Jun 26, 2025 11:30:00

A judge dismisses a lawsuit alleging that Meta used books to train AI, but says that this doesn't mean that Meta's use of copyrighted material is legal

Meta, the developer of Facebook and Instagram and the developer of its own AI, Meta AI, has been sued by several authors for 'using copyrighted books to train its AI,' but Judge Vince Chhabria, who is in charge of the trial, has dismissed the lawsuit.

ORDER DENYING THE PLAINTIFFS' MOTION FOR PARTIAL SUMMARY JUDGMENT AND GRANTING META'S CROSS-MOTION FOR PARTIAL SUMMARY JUDGMENT
(PDF file)

https://storage.courtlistener.com/recap/gov.uscourts.cand.415175/gov.uscourts.cand.415175.598.0.pdf

Meta Beats Authors' Copyright Suit Over AI Training on Books
https://news.bloomberglaw.com/legal-ops-and-tech/meta-beats-copyright-suit-from-authors-over-ai-training-on-books

Judge dismisses authors' copyright lawsuit against Meta over AI training | AP News
https://apnews.com/article/meta-ai-copyright-lawsuit-sarah-silverman-e77968015b94fbbf38234e3178ede578

A group of 13 authors, including comedian Sarah Silverman , Jacqueline Woodson , author of ' The Kindness of One Person ,' and Ta-Nehisi Coates, author of ' Between the World and Me, ' have filed a copyright infringement lawsuit against Meta, alleging that the company is stealing their works to train its AI.

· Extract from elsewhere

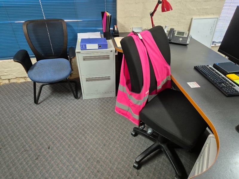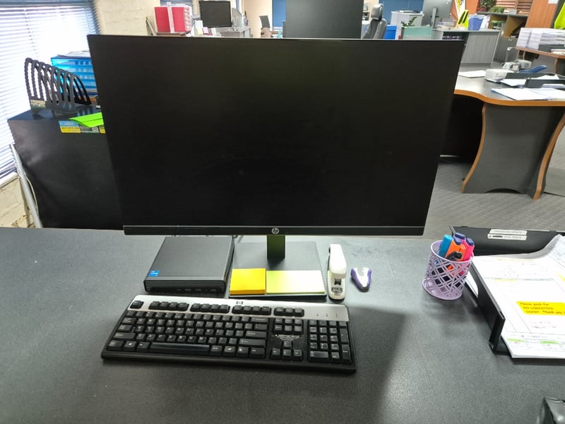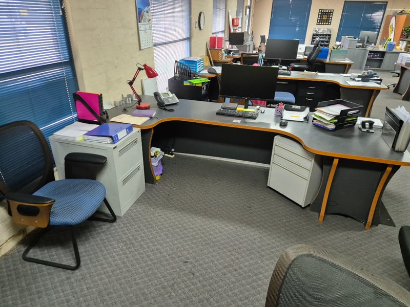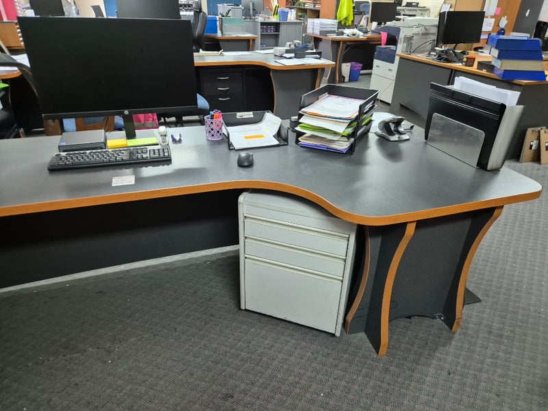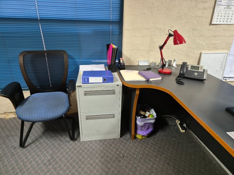 Desk LotLarge Desk2x ChairsI5 HP Pro Mini Nuc Desk Desktop, Monitor, Keyboard & Mouse2x Side Drawer/ Filing CabinetAssorted Stationary & MoreSOLD as Lot MUST TAKE All

OpenAI and Meta sued by three authors for copyright infringement - GIGAZINE

The lawsuit alleges that Meta CEO Zuckerberg had authorized the Llama development team to use data sets containing copyrighted books and documents to train Llama, but Meta argued that downloading copyrighted data was not a copyright violation .

Meta CEO Mark Zuckerberg is being pursued in a lawsuit for allowing the AI 'Llama' development team to use copyrighted works without permission - GIGAZINE

Judge Chhabria of the San Francisco Federal Court, the judge in charge of this case, dismissed the plaintiffs' lawsuit on June 25, 2025 local time. Judge Chhabria determined that the plaintiffs had made false allegations, but the ruling was limited to the plaintiffs, who argued that Meta's AI (Llama) could reproduce parts of the plaintiffs' books and that Meta's unauthorized use of the works for training reduced authors' ability to license their works as training data for large-scale language models.

The plaintiffs allege that Meta 'caused massive copyright infringement' by downloading authors' books from pirated online repositories and using them to train Meta's generative AI, Llama. 'Meta could and should have paid to purchase and license these literary works,' the plaintiffs' lawyers said.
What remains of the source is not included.